Closed stephanbosch closed 5 years ago
Hmm, at very best it could be reported as "slow" (rating 3/4 where 4 is "dead"), but I do not think it is worth the effort.
I agree with @pspacek - but we might entertain pull requests enhancing the measurement.
When different IPs have different properties, I could imagine showing like 25% "STOP" + 75% "GO", but in any case there's the link to technical details... EDIT: well, it's a problem that these in-between states aren't easily explainable (to laymen at least), so perhaps it would really be better to just report "SLOW" if <=50% are bad.
FWIW, I'm also trying to sort out a number of seemingly false positives being reported by the tool.
One appears to be a result of using LVS to host a DNS VIP on more than 1 public IP using the same backend hosts. I suspect the tool is sending queries in parallel, resulting in some requests getting lost in translation. The result is the tool reports 1 of the 2 public IP addresses as timing out. The public IP it reports as timing out varies and changes in between tests so I know each public IP itself is OK. Once I updated the zone's NS records to only include 1 such public IP address per LVS VIP the tool began returning "OK" reliably 100% of the time.

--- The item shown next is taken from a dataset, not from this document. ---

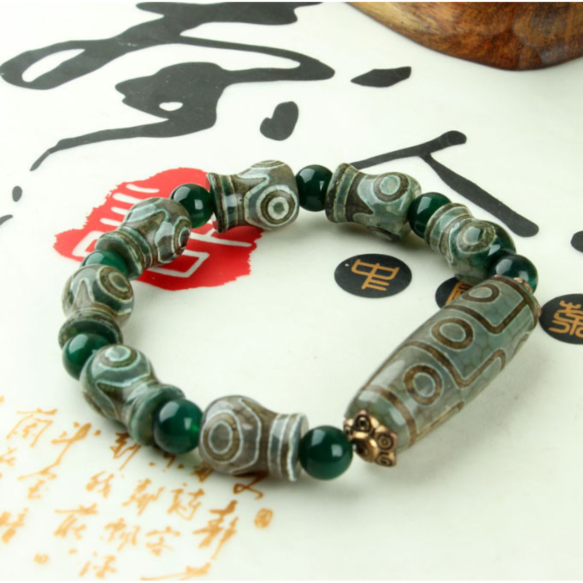 Браслет Зелена ДЗІ 9 очей і сім на 3 ока

Let me know if you'd prefer I open a new issue for this
Why don’t you rather fix your server connectivity?
If the queries/responses are being lost the server is susceptible to spoofing attacks.
I may have spoken too soon. I'm still looking into the reason(s) why I am getting intermittent failures with the tool, which is difficult to say with authority since I don't have access to the source network where the tests are being run from. I also tried running genreport myself, but it just hangs when I run it.

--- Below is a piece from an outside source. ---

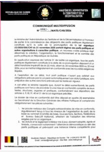 Dans un communiqué de multidiffusion daté du 25 février 2026, le ministère informe les dirigeants des partis légalement constitués qu’à la suite de la promulgation de la Loi organique L/2025/035/CNT du 21 novembre 2025, un nouveau cadre juridique régit désormais la création, l’organisation, le fonctionnement et le contrôle des partis politiques en Guinée. Un délai de six mois accordé Conformément à l’article 51 de la loi, les partis politiques disposent d’un délai transitoire impératif de six (6) mois, allant du 25 novembre 2025 au 25 mai 2026, pour se conformer pleinement aux nouvelles dispositions légales. Passé ce délai, tout parti politique qui n’aura pas rempli les obligations prévues perdra automatiquement son statut juridique, sans préjudice des autres sanctions prévues par la législation en vigueur. Des exigences claires et obligatoires Durant cette période, les partis sont tenus de procéder à une mise en conformité complète de leurs textes, structures, organes de direction et pratiques internes. Le dossier de conformité doit être déposé en quatre exemplaires à la Direction Générale des Affaires Politiques. Parmi les pièces exigées figurent notamment :

genreport needs a domain name on stdin.
Ah, that makes sense but wasn't listed in the command help so I missed it. But even after providing that it still times out. Strace shows it stops in the same spot:
futex(0x7f187de3cba4, FUTEX_WAKE_PRIVATE, 2147483647) = 0
openat(AT_FDCWD, "/etc/resolv.conf", O_RDONLY|O_CLOEXEC) = 4
fstat(4, {st_mode=S_IFREG|0644, st_size=720, ...}) = 0
read(4, "# This file is managed by man:sy"..., 4096) = 720
read(4, "", 4096) = 0
close(4) = 0
getpid() = 53660
select(4, [0 3], [], NULL, NULL
Well, what's on fd 4?
Scratch that, I misread you said it wants the domain name on stdin ... but I had added it as an additional argument to the command. (facepalm)

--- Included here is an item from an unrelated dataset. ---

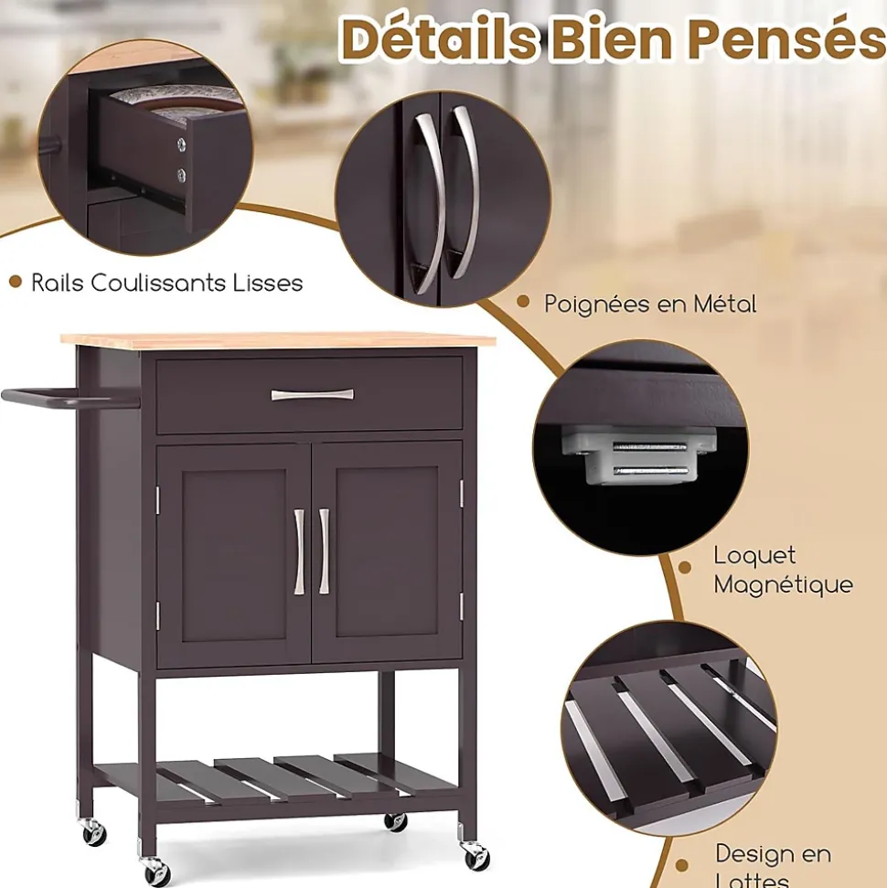 - Rangement Spacieux et Accessible : Gardez vos essentiels de cuisine bien organisés et à portée de main ! Le chariot de cuisine comprend un tiroir pour les ustensiles, une armoire de grande taille pour les outils ou les fournitures de cuisine et une étagère inférieure pour contenir des plats supplémentaires ou des contenants de rangement.

The whole point it so make servers responsive and eliminate timeouts which are hard to deal with so it is pointless to ignore some of the timeouts.
Tests fail with a timeout or connection refusal (tcp). I'd expect this to show some orange message indicating that the offline server could not be tested, rather than reporting that the domain is violating the standards.